_What you have to do_
Set down exactly, from the records below, the line with "Duel with Wester" through the line with "Figure 2. Characterization", and nothing else.

### Data ###

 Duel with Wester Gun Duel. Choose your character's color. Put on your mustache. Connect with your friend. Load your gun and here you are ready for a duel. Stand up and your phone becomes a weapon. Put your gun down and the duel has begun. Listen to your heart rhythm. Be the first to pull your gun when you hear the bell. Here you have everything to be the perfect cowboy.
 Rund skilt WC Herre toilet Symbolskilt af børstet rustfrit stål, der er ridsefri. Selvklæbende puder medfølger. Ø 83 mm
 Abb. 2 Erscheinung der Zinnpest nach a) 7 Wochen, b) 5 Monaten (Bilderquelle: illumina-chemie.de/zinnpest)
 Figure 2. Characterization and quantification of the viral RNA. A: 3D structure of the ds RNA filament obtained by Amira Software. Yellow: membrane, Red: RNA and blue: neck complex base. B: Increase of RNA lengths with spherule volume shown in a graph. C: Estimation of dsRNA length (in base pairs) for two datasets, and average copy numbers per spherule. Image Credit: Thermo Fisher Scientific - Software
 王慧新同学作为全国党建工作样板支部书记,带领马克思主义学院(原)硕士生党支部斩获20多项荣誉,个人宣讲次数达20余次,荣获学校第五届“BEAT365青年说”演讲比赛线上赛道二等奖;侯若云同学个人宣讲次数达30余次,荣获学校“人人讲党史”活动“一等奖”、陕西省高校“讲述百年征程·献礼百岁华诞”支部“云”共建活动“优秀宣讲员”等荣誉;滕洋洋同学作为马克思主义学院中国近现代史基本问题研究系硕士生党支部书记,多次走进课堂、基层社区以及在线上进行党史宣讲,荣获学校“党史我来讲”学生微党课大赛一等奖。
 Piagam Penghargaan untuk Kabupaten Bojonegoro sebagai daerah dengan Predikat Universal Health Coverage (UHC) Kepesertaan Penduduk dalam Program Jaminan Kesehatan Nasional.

###
### Data ###

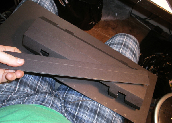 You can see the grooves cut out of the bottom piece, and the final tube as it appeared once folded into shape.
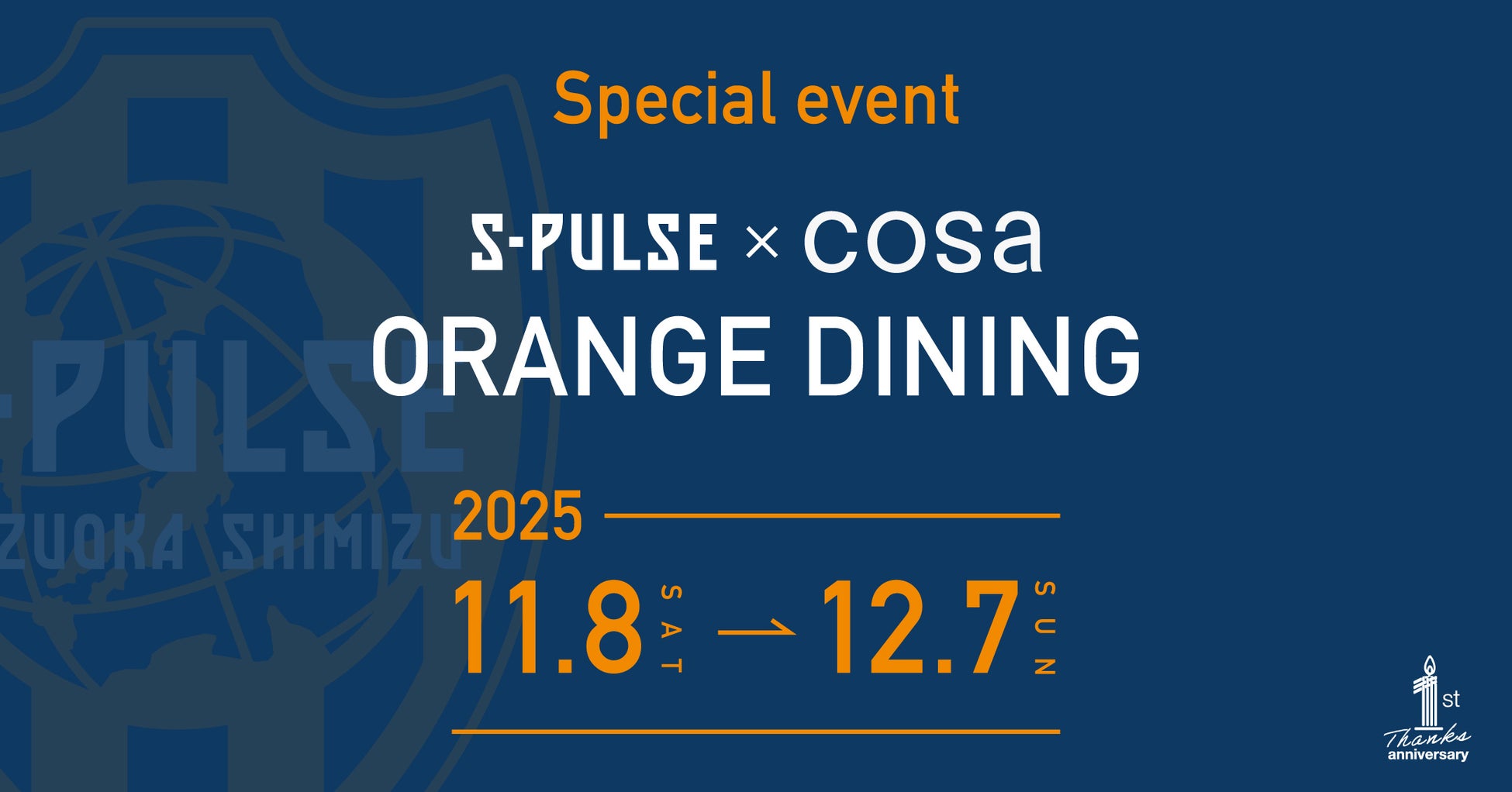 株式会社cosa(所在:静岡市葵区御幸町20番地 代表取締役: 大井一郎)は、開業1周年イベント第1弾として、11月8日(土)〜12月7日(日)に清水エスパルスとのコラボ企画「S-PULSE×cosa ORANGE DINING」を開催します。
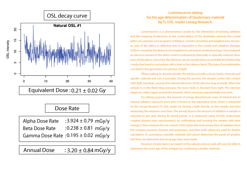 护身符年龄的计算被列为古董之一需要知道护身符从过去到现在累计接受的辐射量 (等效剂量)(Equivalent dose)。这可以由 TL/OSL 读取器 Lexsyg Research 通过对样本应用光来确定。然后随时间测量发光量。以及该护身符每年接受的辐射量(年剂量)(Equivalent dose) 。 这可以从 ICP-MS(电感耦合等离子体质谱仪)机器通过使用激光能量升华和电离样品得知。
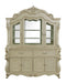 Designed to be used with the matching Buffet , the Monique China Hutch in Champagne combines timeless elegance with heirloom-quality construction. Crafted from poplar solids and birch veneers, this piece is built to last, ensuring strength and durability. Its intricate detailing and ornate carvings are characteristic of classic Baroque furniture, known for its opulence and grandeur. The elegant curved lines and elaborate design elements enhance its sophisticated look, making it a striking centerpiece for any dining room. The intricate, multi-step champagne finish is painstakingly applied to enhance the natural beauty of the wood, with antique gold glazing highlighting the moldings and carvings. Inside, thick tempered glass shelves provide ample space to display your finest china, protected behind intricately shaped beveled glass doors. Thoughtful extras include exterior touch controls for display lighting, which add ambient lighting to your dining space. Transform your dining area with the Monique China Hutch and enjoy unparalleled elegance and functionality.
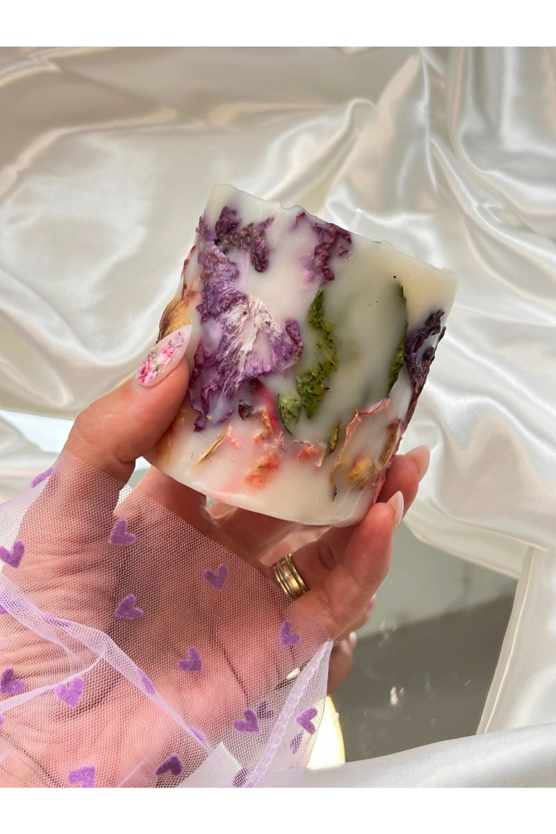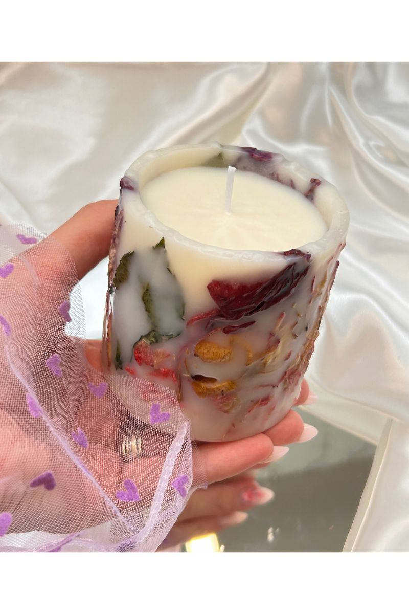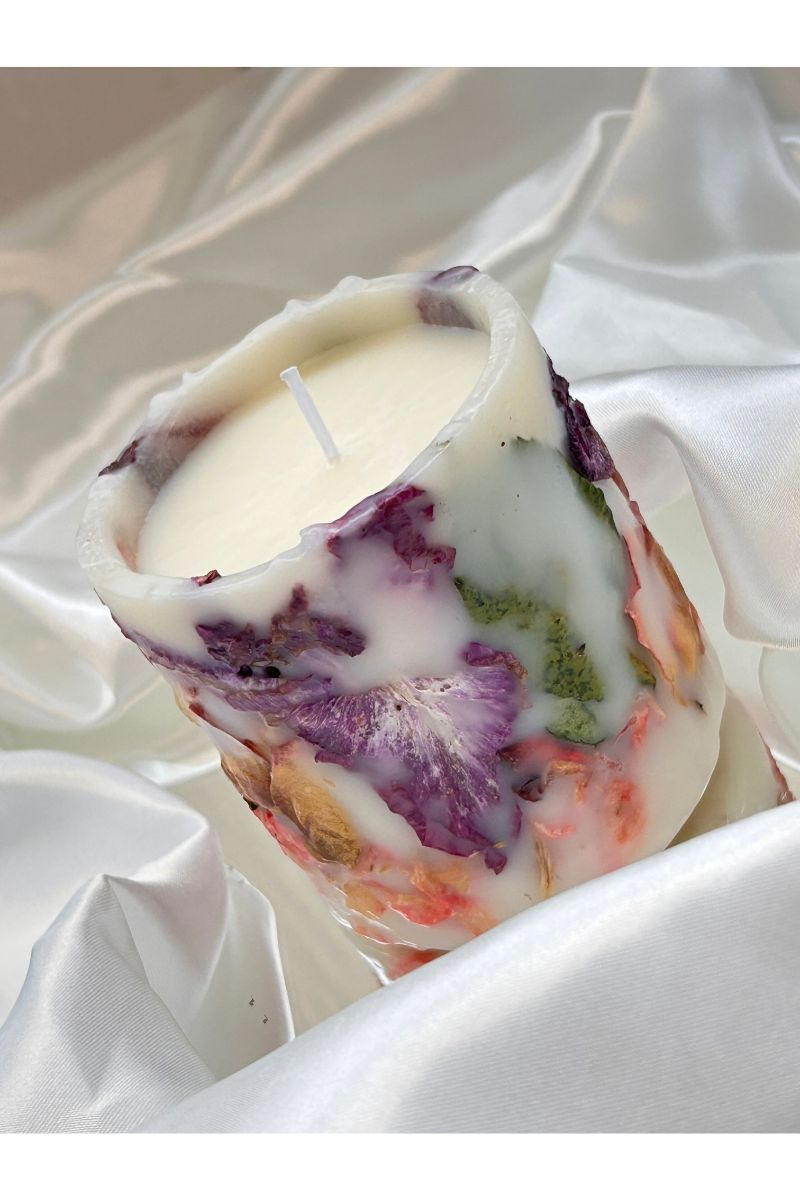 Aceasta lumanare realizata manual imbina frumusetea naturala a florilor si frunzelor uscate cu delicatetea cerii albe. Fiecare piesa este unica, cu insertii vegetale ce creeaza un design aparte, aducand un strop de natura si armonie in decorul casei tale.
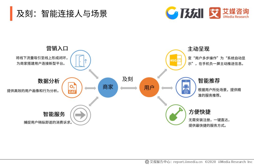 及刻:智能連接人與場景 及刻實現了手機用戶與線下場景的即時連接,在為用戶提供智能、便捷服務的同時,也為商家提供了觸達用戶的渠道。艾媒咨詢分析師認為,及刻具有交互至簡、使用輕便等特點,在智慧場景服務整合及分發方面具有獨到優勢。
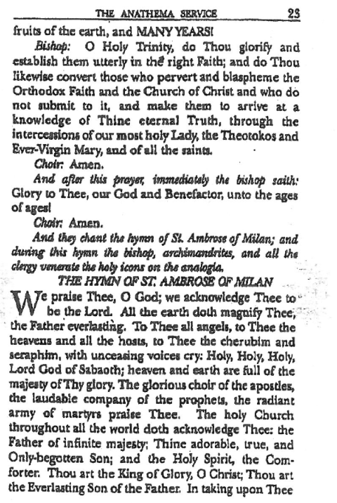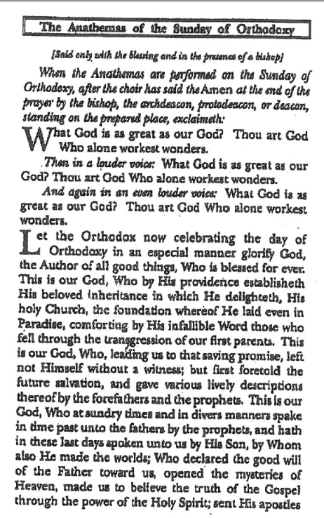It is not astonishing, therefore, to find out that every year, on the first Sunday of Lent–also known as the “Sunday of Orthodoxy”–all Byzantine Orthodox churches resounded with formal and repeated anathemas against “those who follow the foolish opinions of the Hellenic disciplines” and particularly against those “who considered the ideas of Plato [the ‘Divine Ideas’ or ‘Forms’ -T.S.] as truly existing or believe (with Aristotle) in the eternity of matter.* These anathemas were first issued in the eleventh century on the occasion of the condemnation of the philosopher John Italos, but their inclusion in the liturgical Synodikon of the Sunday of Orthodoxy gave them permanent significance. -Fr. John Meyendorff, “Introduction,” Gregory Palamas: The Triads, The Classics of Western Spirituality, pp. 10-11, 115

###
### Data ###

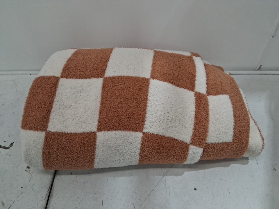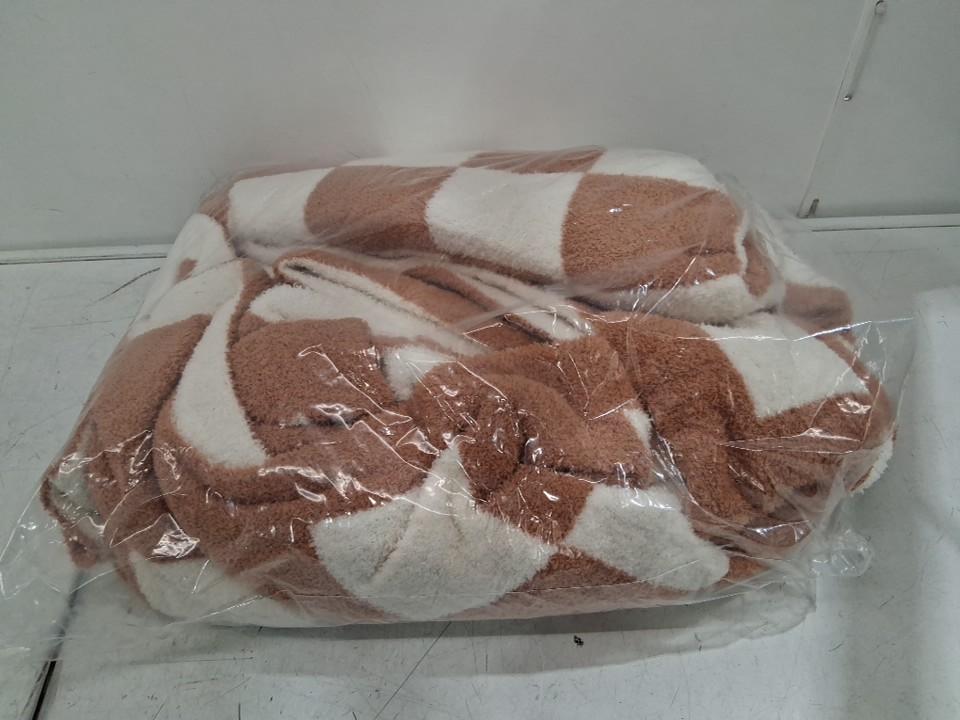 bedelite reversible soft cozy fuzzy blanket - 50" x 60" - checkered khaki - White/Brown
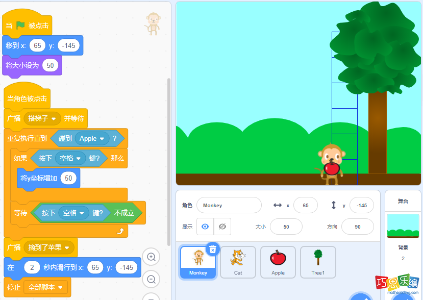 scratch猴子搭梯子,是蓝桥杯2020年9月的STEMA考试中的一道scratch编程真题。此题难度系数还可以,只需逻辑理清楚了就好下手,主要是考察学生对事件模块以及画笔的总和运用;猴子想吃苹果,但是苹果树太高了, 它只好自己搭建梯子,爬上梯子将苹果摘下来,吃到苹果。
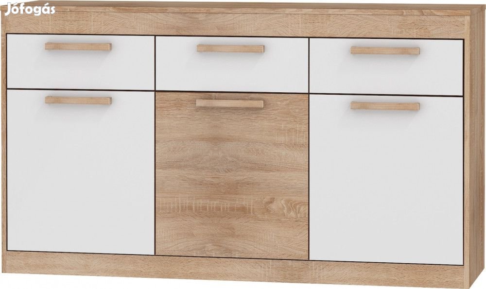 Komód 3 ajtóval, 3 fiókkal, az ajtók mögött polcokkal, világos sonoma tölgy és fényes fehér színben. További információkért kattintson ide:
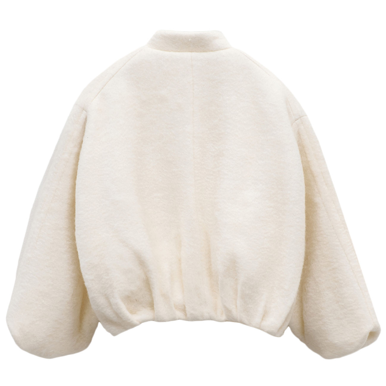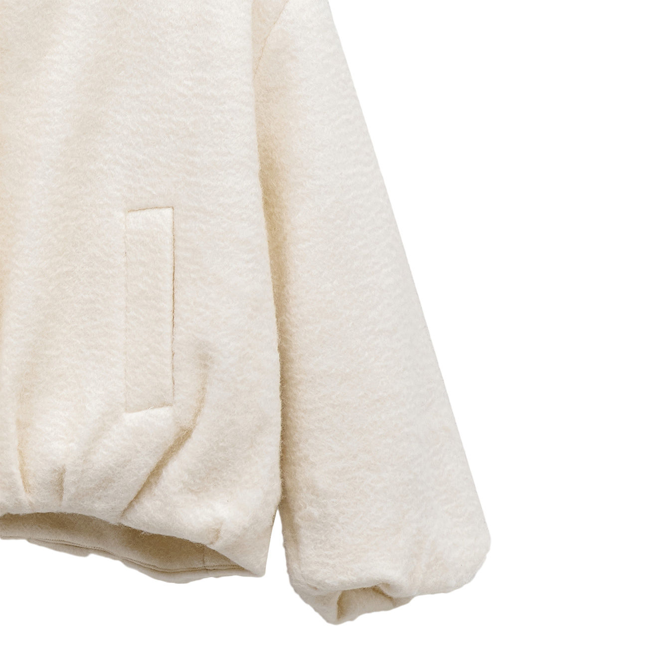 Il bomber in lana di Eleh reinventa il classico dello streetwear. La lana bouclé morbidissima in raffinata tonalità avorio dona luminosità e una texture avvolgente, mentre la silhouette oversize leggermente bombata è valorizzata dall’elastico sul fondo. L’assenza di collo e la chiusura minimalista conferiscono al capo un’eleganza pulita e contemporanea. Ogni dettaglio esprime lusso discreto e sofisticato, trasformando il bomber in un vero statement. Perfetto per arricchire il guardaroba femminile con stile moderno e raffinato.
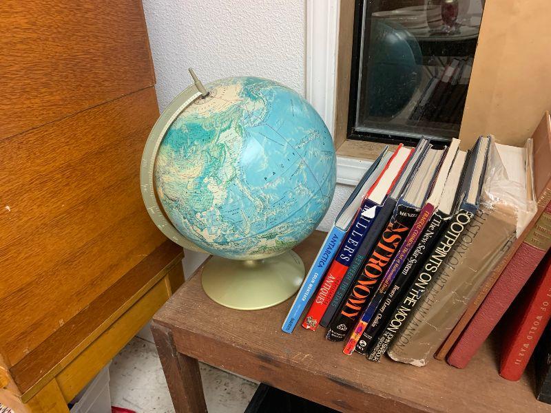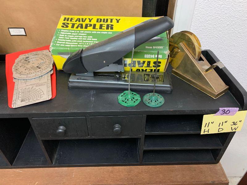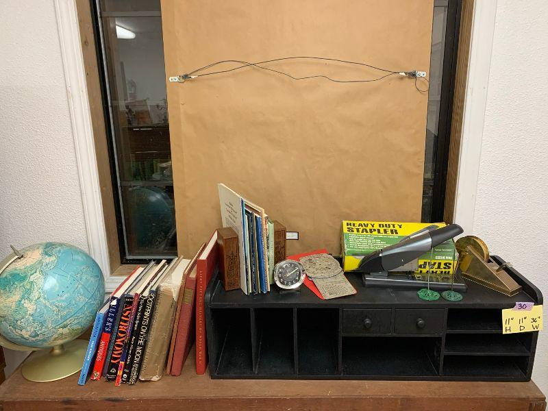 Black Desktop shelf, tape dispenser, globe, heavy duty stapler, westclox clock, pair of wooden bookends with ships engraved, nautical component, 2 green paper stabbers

###

_Answer section_
 Duel with Wester Gun Duel. Choose your character's color. Put on your mustache. Connect with your friend. Load your gun and here you are ready for a duel. Stand up and your phone becomes a weapon. Put your gun down and the duel has begun. Listen to your heart rhythm. Be the first to pull your gun when you hear the bell. Here you have everything to be the perfect cowboy.
 Rund skilt WC Herre toilet Symbolskilt af børstet rustfrit stål, der er ridsefri. Selvklæbende puder medfølger. Ø 83 mm
 Abb. 2 Erscheinung der Zinnpest nach a) 7 Wochen, b) 5 Monaten (Bilderquelle: illumina-chemie.de/zinnpest)
 Figure 2. Characterization and quantification of the viral RNA. A: 3D structure of the ds RNA filament obtained by Amira Software. Yellow: membrane, Red: RNA and blue: neck complex base. B: Increase of RNA lengths with spherule volume shown in a graph. C: Estimation of dsRNA length (in base pairs) for two datasets, and average copy numbers per spherule. Image Credit: Thermo Fisher Scientific - Software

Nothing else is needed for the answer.